On 7 December 2012, 260 rebel commanders from all over Syria agreed to a unified command structure of the Free Syrian Army. The participants elected a 30-member Supreme Military Council, which then selected Brigadier General Salim Idris as Chief of Staff. The 30 members of the council were divided in groups of six, with each group representing one of five fronts: Southern (Daraa, Damascus, and as-Suwayda), Western (Hama, Latakia and Tartus), Northern (Aleppo and Idlib), Eastern (Deir ez-Zor, al-Hasakah and Raqqa), and Central (Homs and al-Rastan). The council was created with the backing of western powers and many Arab states as a vehicle to finance and arm rebel groups.

On 11 July 2013, a commander of the SMC's Western Front, Kamal al-Hamami, met with the Islamic State of Iraq and the Levant (ISIL) in the Latakia Governorate, which resulted in him being killed by ISIL. ISIL then threatened to kill all SMC members.

In September 2013, the al-Tawhid Brigade, Islam Brigade, and Suqour al-Sham Brigade, the largest militias in the SMC, joined with al-Qaeda's al-Nusra Front and several Salafi jihadist and other Sunni Islamic fundamentalist groups to form the Islamic Coalition. The SMC-affiliated groups in the coalition stressed that they were not breaking with SMC, but only the political exile wing in the National Coalition for Syrian Revolutionary and Opposition Forces.
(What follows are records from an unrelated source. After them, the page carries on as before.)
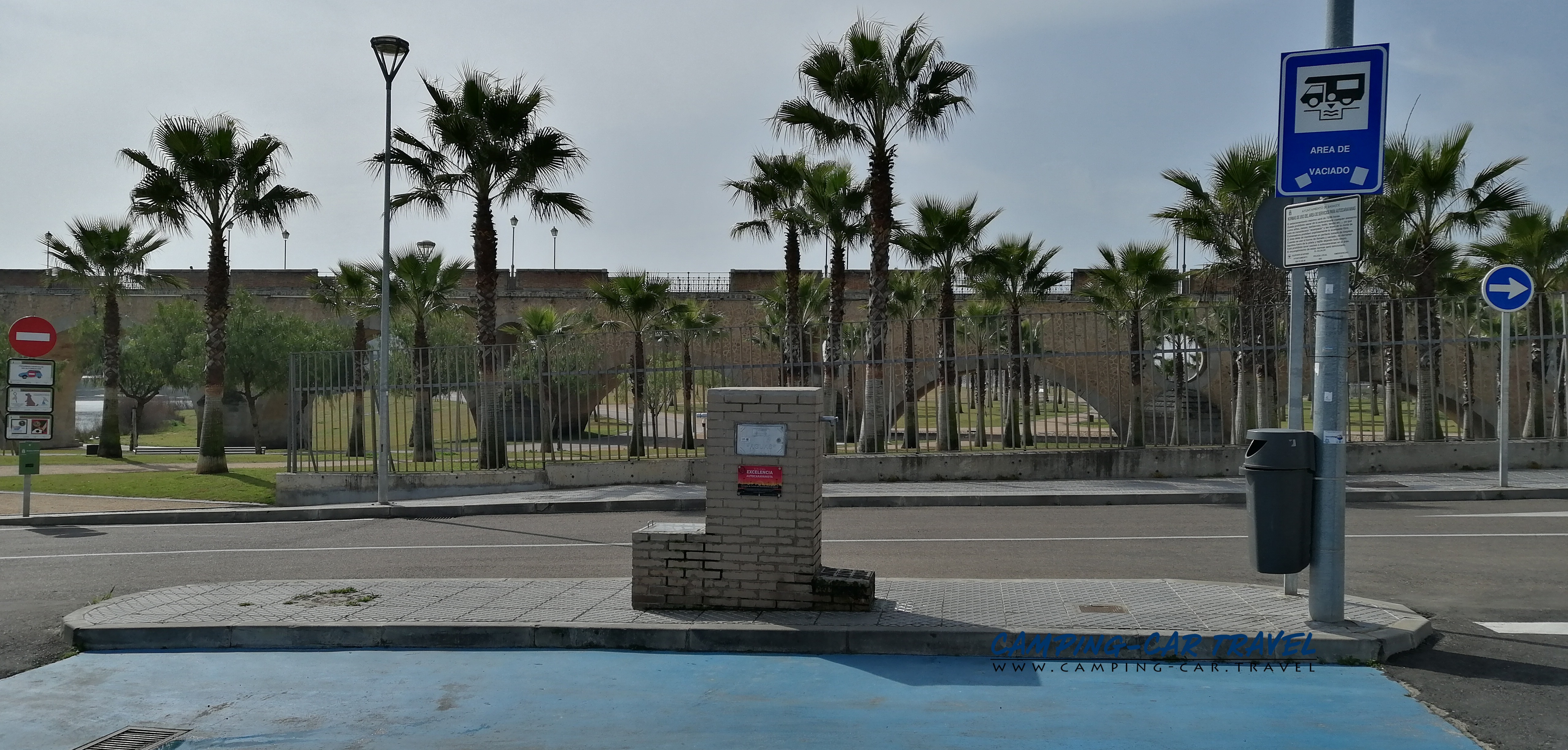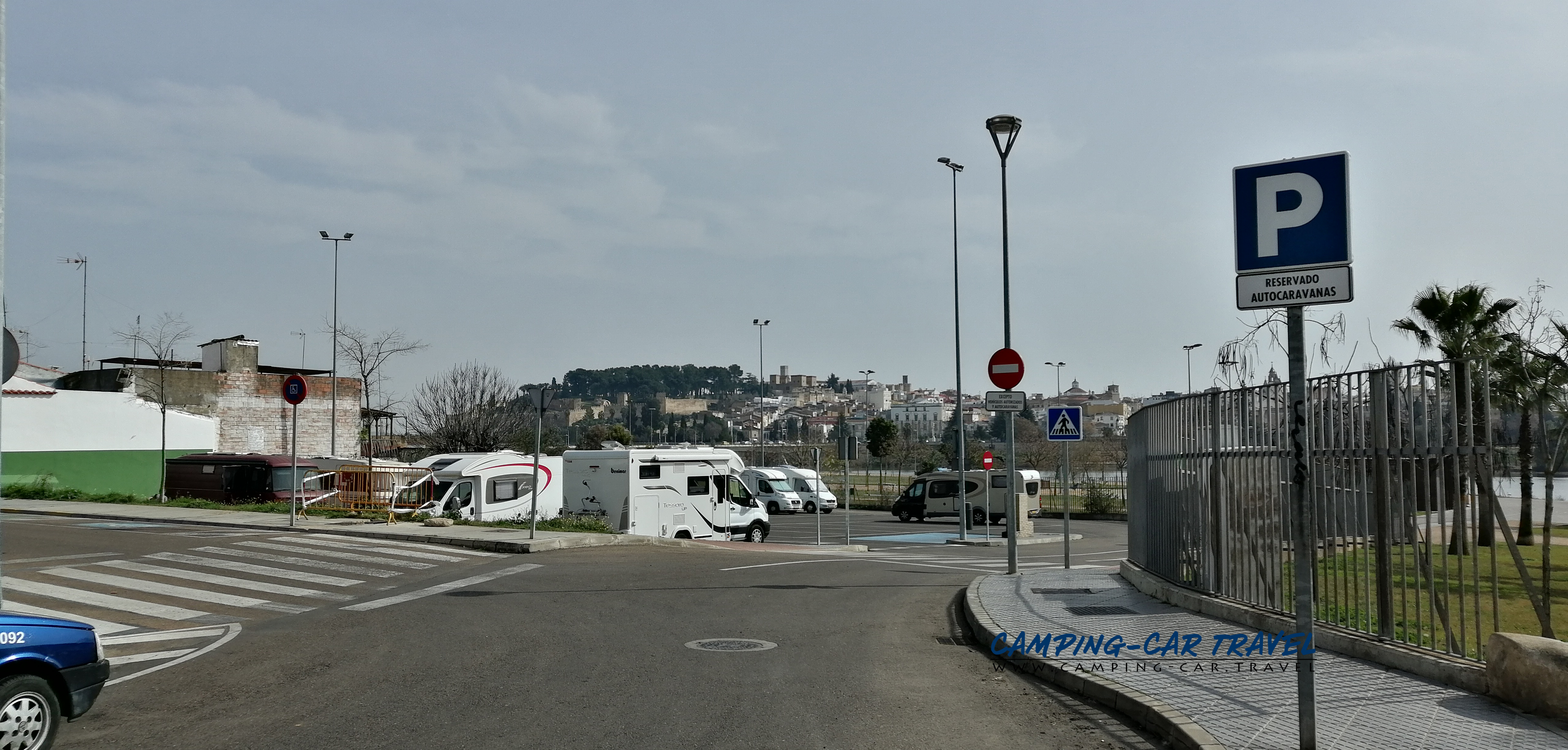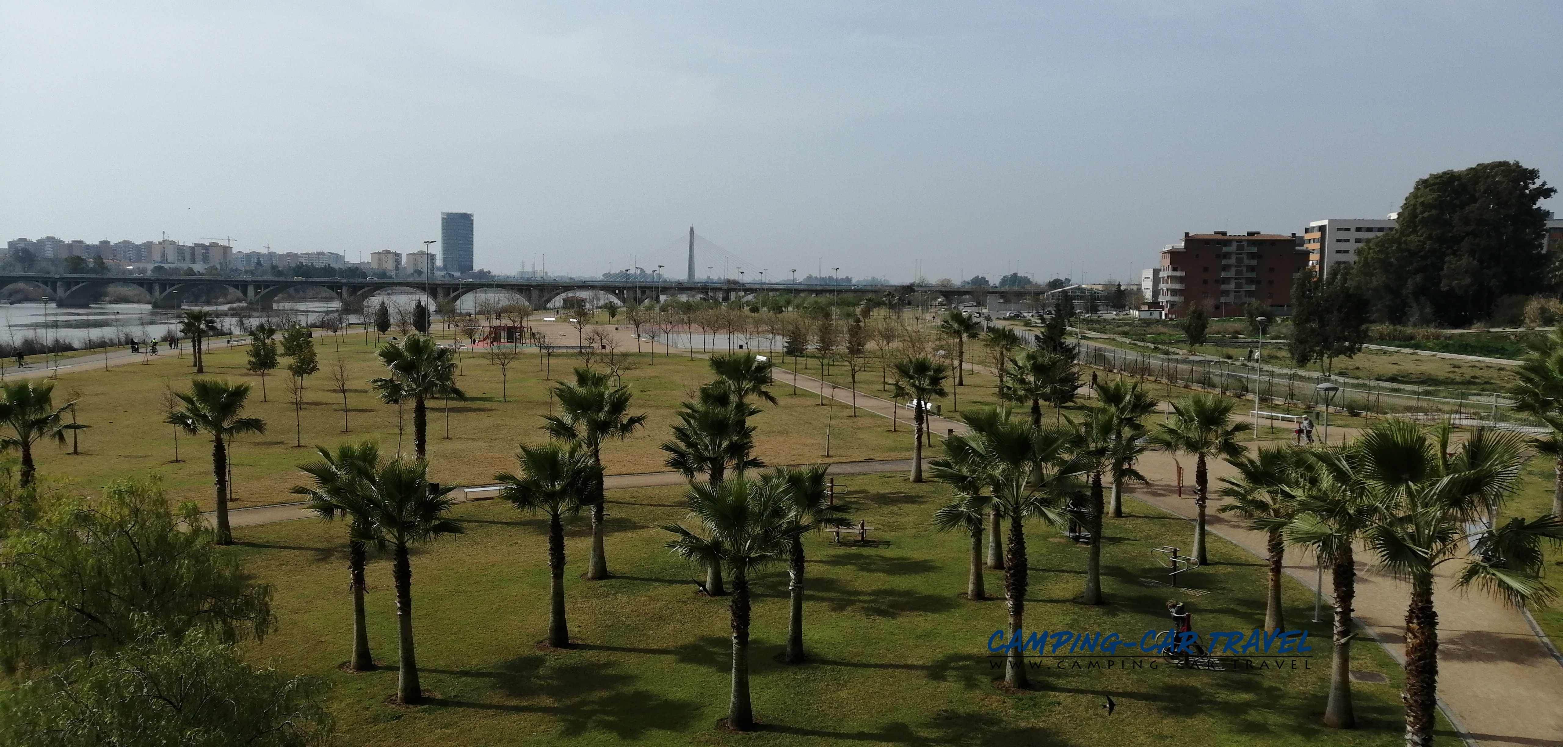 L’aire de services est très bien située pour visiter la ville. Elle est à côté d’un grand parc, lui-même à côté de la rivière Guadiana.
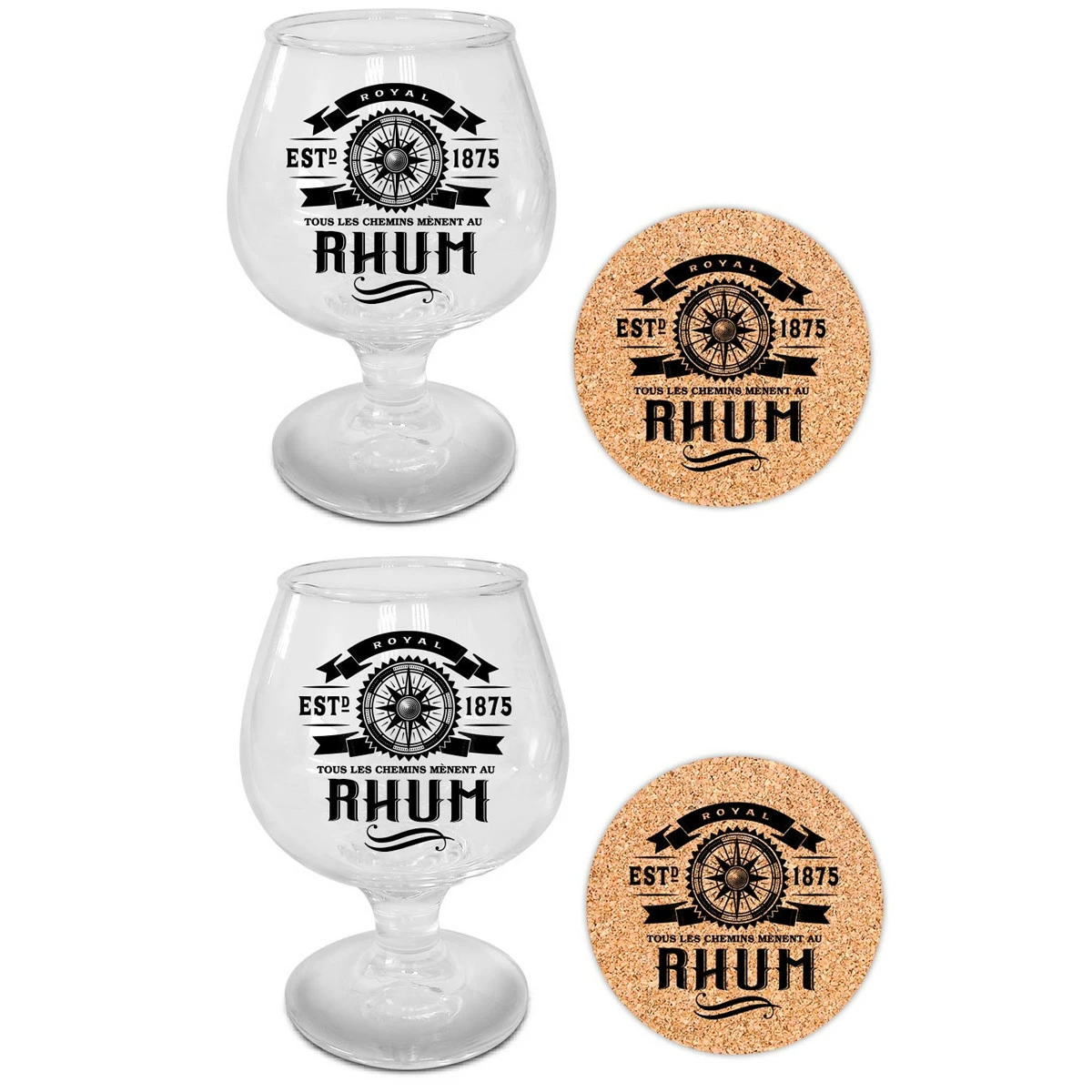 Comprenant deux verres ballon à Rhum et de deux dessous de verres assortis en liège, ce coffret ne laissera personne indifférent. Idée cadeau à offrir sans modération à quelqu’un qui apprécie ces alcools puissants (avec modération) !
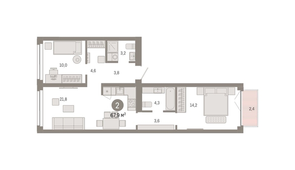 Квартира с кухней-гостиной и двумя спальнями в микрорайоне «Европейский берег». Особенности планировки: окна на две стороны, гардеробная, вид во двор, разнесённые спальни, предчистовая отделка, мастер-спальня, балкон.

This left official SMC commander Salim Idriss formally in control of just a few small units.

Between 6 and 7 December 2013, the al-Nusra Front and/or the ISIL raided warehouses under direct control of the SMC at the Bab al-Hawa Border Crossing with Turkey and captured weapons and equipment. The warehouses, one of the largest held by the rebels at the time, held numerous weapons and equipment supplied to the SMC by Saudi Arabia, Qatar, the United States, United Kingdom, France, and other foreign supporters of the opposition. The SMC leadership requested the Islamic Front, formed by most member groups of the Islamic Coalition two weeks earlier, for help, which the IF rejected as it refused to fight al-Nusra. The IF offered to raise its flag over the warehouses to protect it from attack, before proceeding to storm the warehouses and capture them from SMC units, the SMC-affiliated Ahfad al-Rasul Brigades, and ISIL. Following the takeover, the US and UK announced that they would temporarily suspend their supplies of non-lethal equipment for the SMC through the crossing.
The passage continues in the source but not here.